Being both frugal and resistant to needless shopping, I continue to put off changing a perfectly functional sleek and silent Logitech keyboard for something with more prominent keys and (I’m sure) improved type-first-time accuracy.

I could probably save more time in my day than any AI could liberate just by investing £20 in a generic keyboard made for fat fingers, which I would happily modify by levering off the pointless Caps Lock key – the biggest waste of valuable real estate since Lex Luthor’s plan to split the San Andreas Fault in 1978’s Superman – to cut back on inadvertently shouting in emails and messages every so often.

However, like my haircut, such advice may be out of date.

We are entering the era of authenticity, where proving you are human becomes more valuable by the day, and which might even mean letting a few typos go just to show that I am in fact not a robot, since AIs tend to smooth out pesky typos.

At Glide, I am convinced we could remove nearly all text from our internal chat system and conduct all conversations via custom emojis, and still function just as well. It would be perfect timing at this point then, contemplating the idea of letting typos go, to use the Hide the Pain Harold emoji, probably one of our most used. Suffice to say I’m not for it.

Being human takes effort

My thoughts on a little imperfection being a good thing come after a double whammy of slow-clap AI hilarity welcomed me back to the real world this week regarding the trajectory of AI content on the web.

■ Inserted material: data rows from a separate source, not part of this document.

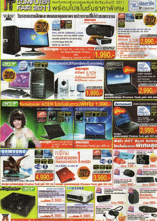 6.สินค้าคอมพิวเตอร์และสินค้า IT รุ่นใหม่ ปี 2011 PC คอมพิวเตอร์ Notebook Acer ดาวน์ 1990 บาท Notebook Lenovo ดาวน์ 2990 บาท Notebook Fujisu ดาวน์ 3990 บาท Notebook Samsung ดาวน์ 4990 บาท เครื่องฉายภาพ Projector Acer ดาวน์ 3990 บาท Projector Samsung ดาวน์ 4990 บาท
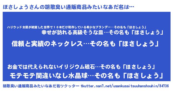 | 意味不明あだ名 | 『とにかく怪しいほさしょう』 |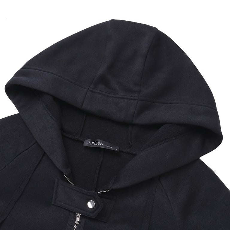 Moletom feminino estiloso preto com capuz. A parte de trás é mais longa. Fecha com zíper. Ideal para o tempo livre.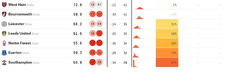 Самая большая борьба за право остаться в АПЛ. В «Саутгемптон» бездушная машина совсем не верит и отправляет его прямиком в чемпионшип уже сейчас. «Лидс» и «Лестер» готовы спастись, а попрощаемся мы с «Форест» и «Эвертоном».
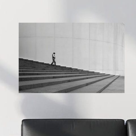 Isoleret i den stille Tomhed tidligt om morgenen i New York rammer dette sort-hvide fotografi et flygtigt øjeblik af nåde ved Bethesda Terrace i Central Park, det ikoniske. De store Minton-flisebuer skaber en kraftig silhuet, der leder øjet mod en ensom danser, hængende i et øjeblik af elegant bevægelse. Samspillet mellem dybe skygger og den bløde morgenvindlyset fremhæver den komplekse arkitektur af terrassen og danserens eteriske form, og skaber en komposition, der er både tidløs og dybt personlig.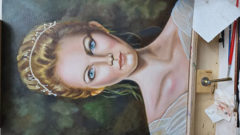 این اثر یک تابلوی پرتره رنگ روغن با حالوهوایی کلاسیک و اشرافی است. در مرکز تصویر، چهره زنی جوان با نگاهی مستقیم و آرام به بیننده دیده میشود. ترکیببندی اثر ساده و متمرکز بر صورت است؛ پسزمینه تیره و محو باعث شده چهره و جزئیات آن بیشتر جلوه کند و عمق بیشتری به تصویر بدهد. ویژگیهای هنری اثر: استفاده از تکنیک سایهروشن برای برجسته کردن فرم صورت و گونهها پرداخت دقیق چشمها با رنگ آبی روشن که نقطه کانونی تابلو محسوب میشود اجرای ظریف موها و تاج سفید ظریف که حالتی لطیف و رمانتیک ایجاد کرده است لباس با یقه باز و پارچه روشن که با نورپردازی نرم، حس لطافت را تقویت میکند قاب طلایی با نقشونگار کلاسیک، هماهنگ با فضای اثر انتخاب شده و حالتی مجلل و رسمی به تابلو داده است؛ این نوع قاب معمولاً برای پرترههای کلاسیک و آثار الهامگرفته از سبکهای اروپایی قرن نوزدهم استفاده میشود. در مجموع، این تابلو فضایی رمانتیک، آرام و نجیبانه دارد و میتواند برای دکوراسیونهای کلاسیک یا فضاهای رسمی انتخابی چشمنواز باشد.

First up, I failed to stifle an ironic kyuk-kyuk at reading how scholars believe a nimble Chinese AI is running rings round OpenAI et al by producing superb responses out of a new model for a fraction of the cost of the bigger names, with a hint of suspicion that it might have shortcut the lengthy LLM learning process by harvesting ChatGPT’s answers amongst its efforts.

Surely OpenAI is up in arms about this? Well, it would if it could I bet. But is the maker of ChatGPT in any position to comment on the theft of other people’s work? So far all we have is CEO Sam Altman on Twitter cryptically going on about innovation being harder than copying. Quite right Sam!

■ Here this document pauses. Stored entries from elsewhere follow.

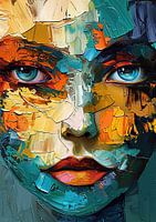 Details: abstract schilderij, vrouw, portret, blauwe ogen, kleurrijk, verfstreken, moderne kunst, vrouw schilderij, kleurrijk tijdens, abstracte…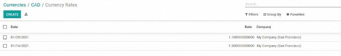 Now, changing currency rate manually to show the difference. Currency is changed to CAD 1.10 for USD 1.00. To do that, go to Configure>Currencies>Select currency>create. Add date and edit the rate.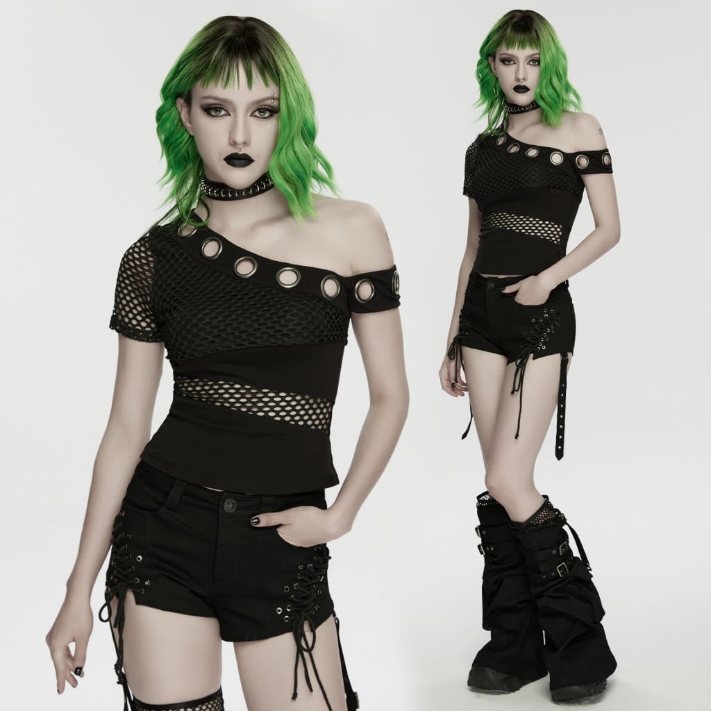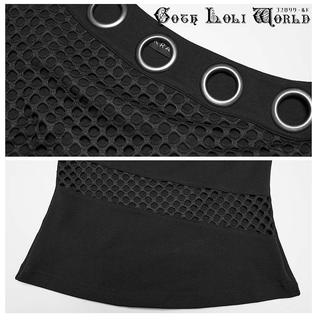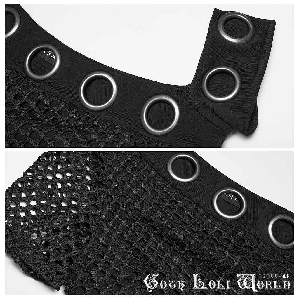 【即納/送料無料】ゴスロリワールド WT-1078TDF-BK パンク ロック ファッション アシメオフショルダー 半袖 カットソー Tシャツ ゴシック ヴィジュアル系 V系 地雷系 個性的

I have no comment or insight on whether the new AI upstart did or did not simply point itself at ChatGPT to form its knowledge base. Nor on the OpenAI pot being unable to call the rival kettle black because to do so might prejudice its defence in separate legal matters.

What did spring out though was a reaffirmation of the issue of AI repeating work created by other AIs, whether it is innovative or correct, a battle arguably already lost even before Meta made it unwinnable by announcing its plan to rollout widespread AI-generated profiles on Facebook and Instagram – something which everyone knows has been an issue on social platforms for years anyway.

Perhaps to take on the surge in bot accounts, Meta will now create their own “genuine” fakes, complete with pictures, profiles, and the ability to write, respond, and share, and pump up engagement with the diminishing number of real people writing things there by cramming their feeds with interactions from faux-llowers. In due course, assumedly these fake accounts will be ingested into learning models and by that point we are only here to keep the lights on and the Meta share prices high.

It makes me feel that I am wasting my time correcting my errors and typos. Why bother, if they are soaring signs of authenticity? I already have to tapdance around the use of certain words like delve, captivate, and tapestry, for fear that they set alarm bells ringing that I am actually Robo-Rich, eater of RAM not lamb. Good words turned into the text equivalent of the Wilhelm Scream.

Then again, writing always meant watching your words. Avoid cliches like the plague, they said. "Frugal" was only ever written by motoring writers discussing fuel economy, and "sleek" was reserved for tech writers reviewing a new TV or fridge, and I avoided them like… ah.

One thing strikes me as certain: if the tech lords surmise that authentic human content is more valuable than any other, invest in whomever is selling the best services to de-AI AI-generated content. 

If not, I can recommend my technique of sitting at an awkward angle and the wrong height, with the keyboard about a foot too far away. Or getting a cat.

I hope you had a great holiday, and your 2025 is authentically human and happy.